Question 6.14: Problem: An adiabatic compressor with an isentropic efficien...
Problem: An adiabatic compressor with an isentropic efficiency of 80% takes air flowing at a rate of 0.5 kg / s from 90 kPa and 22 °C to 800 kPa. Use the air table to find the exit temperature of the air and the power input required to drive the compressor.
Find: Exit temperature T_2 of air and power required \dot{W} .
Known: Mass flow rate \dot{m} = 0.5 kg / s, inlet pressure P_1 = 90 kPa, inlet temperature T_1 = 22 °C = 295.15 K, outlet pressure P_2 = 800 kPa, isentropic efficiency η_c = 80%.
Governing equations:
Power of compressor \dot{W} _c=\dot{m} (h_i-h_e)
Isentropic compressor efficiency \eta _c=\frac{h_{2s}-h_1}{h_2-h_1}
Pressure ratio (isentropic) P_{r2}=P_{r1}\left\lgroup\frac{P_2}{P_1} \right\rgroup
Properties: Air at 295 K (approximation) has specific enthalpy h_1 = 295.17 kJ / kgK (Appendix 7), relative pressure P_{r1} = 1.3068 (Appendix 7).

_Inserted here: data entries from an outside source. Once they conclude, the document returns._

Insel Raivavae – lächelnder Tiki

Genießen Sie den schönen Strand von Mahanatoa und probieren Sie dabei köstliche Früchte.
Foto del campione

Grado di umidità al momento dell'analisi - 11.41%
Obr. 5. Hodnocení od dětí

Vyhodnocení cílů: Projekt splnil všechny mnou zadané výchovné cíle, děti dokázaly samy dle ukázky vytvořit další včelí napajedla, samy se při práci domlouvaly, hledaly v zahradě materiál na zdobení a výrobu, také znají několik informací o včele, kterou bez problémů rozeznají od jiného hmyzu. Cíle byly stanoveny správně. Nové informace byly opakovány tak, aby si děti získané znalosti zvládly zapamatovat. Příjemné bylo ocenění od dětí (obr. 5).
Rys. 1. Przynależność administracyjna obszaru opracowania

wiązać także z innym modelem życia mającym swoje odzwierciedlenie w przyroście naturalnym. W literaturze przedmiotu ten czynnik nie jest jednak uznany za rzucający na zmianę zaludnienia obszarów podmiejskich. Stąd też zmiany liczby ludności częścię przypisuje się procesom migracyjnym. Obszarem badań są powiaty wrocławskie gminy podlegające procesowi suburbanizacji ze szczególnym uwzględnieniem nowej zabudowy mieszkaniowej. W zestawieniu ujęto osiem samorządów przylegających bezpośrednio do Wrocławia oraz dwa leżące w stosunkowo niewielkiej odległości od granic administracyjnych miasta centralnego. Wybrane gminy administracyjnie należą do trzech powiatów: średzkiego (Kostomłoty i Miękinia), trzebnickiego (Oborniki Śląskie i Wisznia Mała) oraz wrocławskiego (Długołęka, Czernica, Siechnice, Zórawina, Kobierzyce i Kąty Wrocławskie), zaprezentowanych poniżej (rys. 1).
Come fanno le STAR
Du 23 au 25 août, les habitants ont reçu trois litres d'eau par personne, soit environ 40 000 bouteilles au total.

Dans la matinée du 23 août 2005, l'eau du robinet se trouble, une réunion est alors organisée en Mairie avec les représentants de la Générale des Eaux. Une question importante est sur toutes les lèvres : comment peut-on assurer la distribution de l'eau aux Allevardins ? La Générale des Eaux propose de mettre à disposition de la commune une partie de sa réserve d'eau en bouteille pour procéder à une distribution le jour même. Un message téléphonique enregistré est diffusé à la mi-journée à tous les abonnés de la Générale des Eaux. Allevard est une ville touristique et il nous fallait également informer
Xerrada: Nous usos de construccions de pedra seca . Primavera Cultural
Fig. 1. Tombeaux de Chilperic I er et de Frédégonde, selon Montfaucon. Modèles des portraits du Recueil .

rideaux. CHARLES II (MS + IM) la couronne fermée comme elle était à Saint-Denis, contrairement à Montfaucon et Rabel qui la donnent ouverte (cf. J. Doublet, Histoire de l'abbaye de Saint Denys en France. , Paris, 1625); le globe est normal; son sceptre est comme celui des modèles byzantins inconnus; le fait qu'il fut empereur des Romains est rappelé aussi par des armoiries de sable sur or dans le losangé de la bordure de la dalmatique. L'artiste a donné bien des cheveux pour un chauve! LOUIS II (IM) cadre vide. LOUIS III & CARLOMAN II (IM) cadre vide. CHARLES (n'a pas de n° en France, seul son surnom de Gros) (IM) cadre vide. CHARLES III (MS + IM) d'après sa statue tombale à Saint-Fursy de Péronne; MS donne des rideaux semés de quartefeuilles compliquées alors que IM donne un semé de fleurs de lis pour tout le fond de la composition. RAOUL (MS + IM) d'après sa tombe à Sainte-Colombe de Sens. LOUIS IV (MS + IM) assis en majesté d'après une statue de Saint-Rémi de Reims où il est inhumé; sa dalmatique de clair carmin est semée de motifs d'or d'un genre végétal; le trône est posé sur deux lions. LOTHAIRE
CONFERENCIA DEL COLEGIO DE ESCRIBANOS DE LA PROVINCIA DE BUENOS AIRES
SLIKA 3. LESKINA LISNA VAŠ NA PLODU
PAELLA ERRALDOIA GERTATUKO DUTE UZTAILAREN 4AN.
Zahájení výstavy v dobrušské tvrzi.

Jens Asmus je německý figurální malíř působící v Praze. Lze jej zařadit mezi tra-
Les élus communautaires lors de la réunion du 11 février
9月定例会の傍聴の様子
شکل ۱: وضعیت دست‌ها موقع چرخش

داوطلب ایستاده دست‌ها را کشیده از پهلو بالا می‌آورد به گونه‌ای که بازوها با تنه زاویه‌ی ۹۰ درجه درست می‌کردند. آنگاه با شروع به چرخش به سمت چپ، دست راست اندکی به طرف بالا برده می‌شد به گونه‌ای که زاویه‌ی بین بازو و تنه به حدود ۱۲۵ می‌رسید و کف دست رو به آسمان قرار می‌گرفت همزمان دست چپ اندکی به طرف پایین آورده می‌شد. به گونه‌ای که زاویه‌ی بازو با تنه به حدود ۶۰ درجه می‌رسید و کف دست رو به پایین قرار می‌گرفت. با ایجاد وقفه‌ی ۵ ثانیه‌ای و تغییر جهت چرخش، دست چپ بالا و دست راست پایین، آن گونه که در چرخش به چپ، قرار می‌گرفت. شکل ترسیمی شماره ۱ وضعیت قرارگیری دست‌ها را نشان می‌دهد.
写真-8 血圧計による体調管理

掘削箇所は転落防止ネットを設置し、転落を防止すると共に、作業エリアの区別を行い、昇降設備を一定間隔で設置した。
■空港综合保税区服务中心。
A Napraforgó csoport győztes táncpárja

Find the final relative pressure of the process,
P_{r2}=P_{r1}\left\lgroup\frac{P_2}{P_1} \right\rgroup =1.3068 \left\lgroup\frac{800 \ kPa}{90 \ kPa} \right\rgroup =11.6160.

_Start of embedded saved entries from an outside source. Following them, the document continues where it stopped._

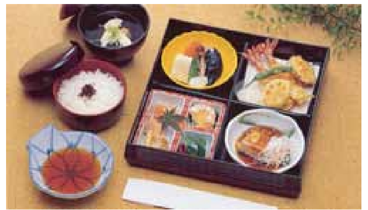
精進落とし会席ご膳 鈴蘭@20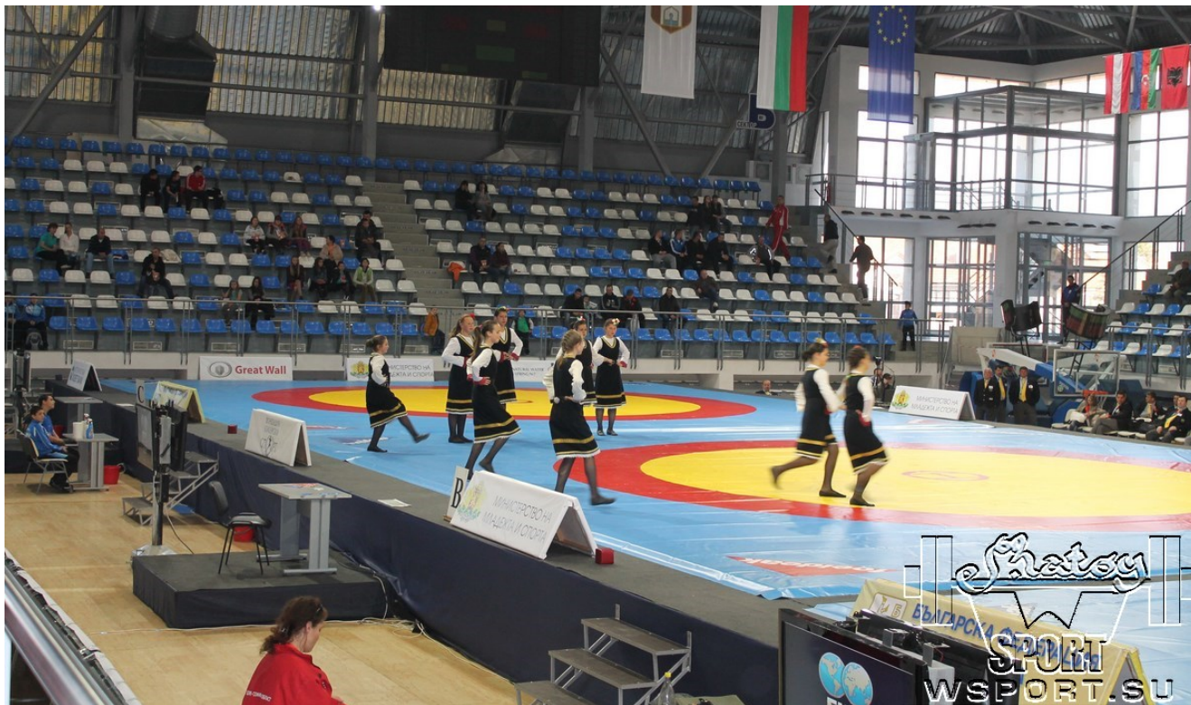
Открытие чемпионата. Зрителей немного.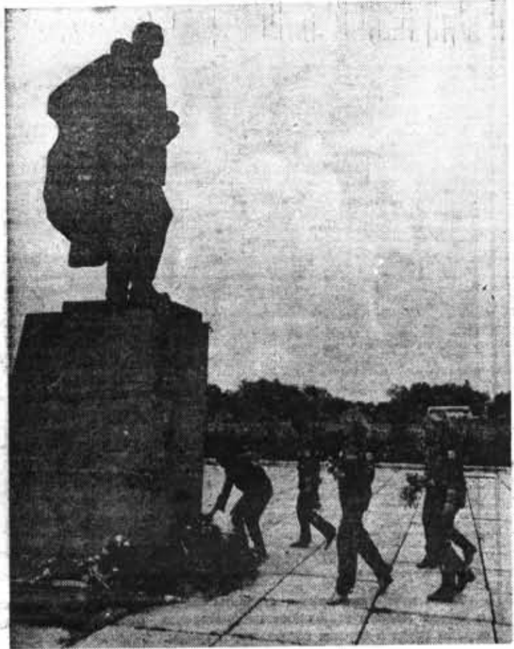
Студенты института чтут память героев, погибших на фронтах Великой Отечественной войны. Цветы к монументу возлагают бойцы студенческого строительного отряда «Одиссей».

ВСЕСОЮЗНАЯ полковая экспедиция «Летопись Великой Отечественной» — составная часть Всесоюзного похода комсомольцев и молодежи по местам революционной, боевой и трудовой славы советского народа.

Interpolating from the air tables (Appendix 7), the corresponding enthalpy value is h_{2s} = 552.083 kJ / kg.
The actual exit enthalpy is
h_2=\frac{h_{2s} – h_1}{\eta _c} + h_1 =\frac{552.083 \ kJ/kg – 295.17 \ kJ/kg}{0.8} +295.17 \ kJ/kg=616.311 \ kJ/kg.
Interpolating again from the air tables, the corresponding exit temperature is T_2 = 608.840 K.
The work required is
\dot{W} _c=\dot{m} (h_2 – h_1)=0.5 \ kg/s (616.311 \ kJ/kg – 295.17 \ kJ/kg)=160.571 \ kW.
Answer: The exit temperature is 609 K and the power required is 160.6 kW.